Updated

Investors began bailing out of Genentech Inc. (DNA) on Wednesday after the world's second-biggest biotechnology company delivered fourth-quarter earnings that lacked their usual glitter.

Its shares fell as much as 6.7 percent as some analysts questioned the company's ability to sustain its seemingly unstoppable earnings momentum.

"Genentech is a company that has enjoyed an embarrassment of riches over the past two-plus years," said Michael King, an analyst at Rodman & Renshaw, who cut his rating on the stock to "market perform."

"However, the investment necessary to support its pipeline appears to now be sapping earnings growth."

Genentech's shares soared 70 percent last year, outperforming those of its peer group, as the company reported one piece of good news after another on the effectiveness of its drugs.

On Tuesday, after the market closed, it said fourth-quarter profit rose 64 percent. But sales of its colon cancer drug Avastin fell short of expectations.

Investors had hoped more doctors would prescribe Avastin for lung and breast cancer, something they are allowed to do even though the drug has not yet been approved for those uses.

"Avastin is a key driver for future growth and needs to beat estimates at this point in its launch in order to justify the current valuation," said Eric Ende, an analyst at Merrill Lynch, who cut his rating on Genentech to "neutral."

Genentech's stock is trading at a multiple of 52 times expected 2006 earnings. That compares with multiples of 21 for rival Amgen Inc. (AMGN) and 24 for Biogen Inc. (BIIB).

On a conference call with investors, Genentech's commentary on Avastin was not entirely reassuring, said Eric Schmidt, an analyst at SG Cowen, who has a "neutral" rating on the stock.

"They admitted there was a variety of factors in 2006, including reimbursement, that could impact sales," he said.

But Susan Desmond-Hellmann, Genentech's president of product development, struck an upbeat note, saying in an interview that the company may increase its 2010 financial targets because of its recent successes.

"We didn't know there would be so much upside surprise in 2005 when we set the 2010 targets," she said.

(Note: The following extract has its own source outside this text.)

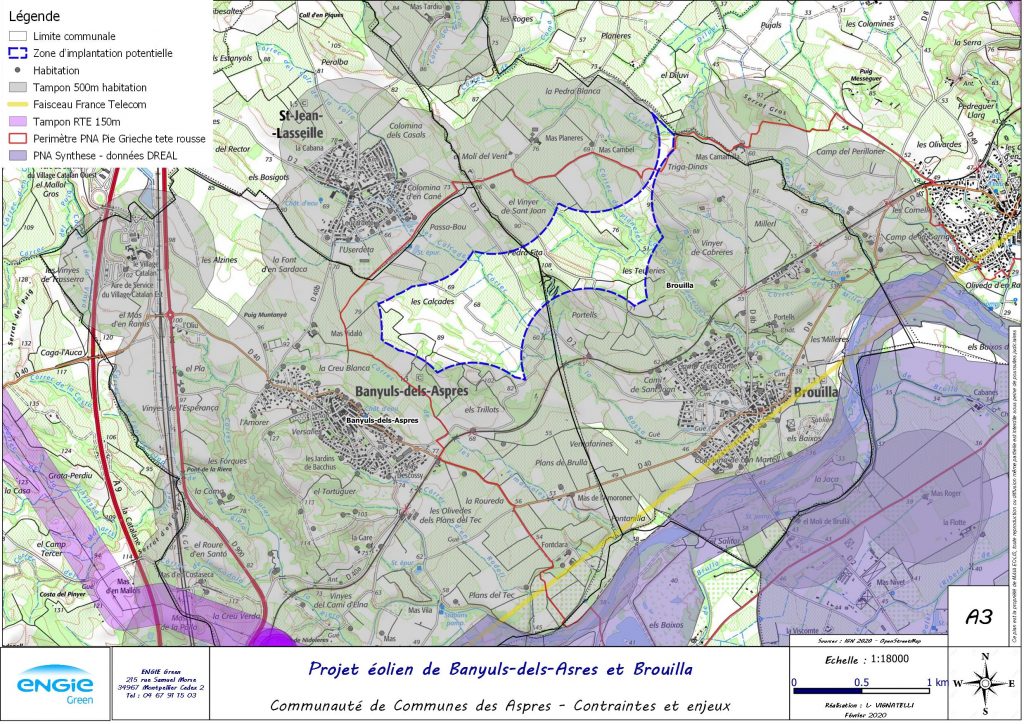 Au sein de l’ex département Languedoc-Roussillon, assez peu de zones étaient présentées comme zones à enjeux faibles ou moyens comme le montre la carte ci-dessus. Le projet de Banyuls dels Aspres et Brouilla se trouve au sein de l’une d’entre elles.

Schmidt said estimates for potential sales of Avastin by 2010 range from $4 billion to $8 billion, assuming it wins approval to be used in other cancers.

"If the company can achieve the higher end of that range, the stock could continue to work," he said.

Jason Kantor, an analyst at RBC Capital Markets, said Genentech's relatively high multiple was justified.

"We believe continued strong oncology sales and operational execution will sustain the premium multiple versus the peer group through 2006 and beyond," he said.

Ronald Renaud of JP Morgan said that while appearing expensive on a near-term basis versus its peers, "we think Genentech is poised to deliver impressive growth for the foreseeable future."

Shares of Genentech rose 70 percent in 2005 and are up nearly five-fold since 2003. The American Stock Exchange biotech index gained 25 percent in 2005 and has nearly doubled since 2003.

Genentech's shares were down 4.3 percent to $89.30 in afternoon trading on the New York Stock Exchange after falling as low as $87.10 earlier in the day.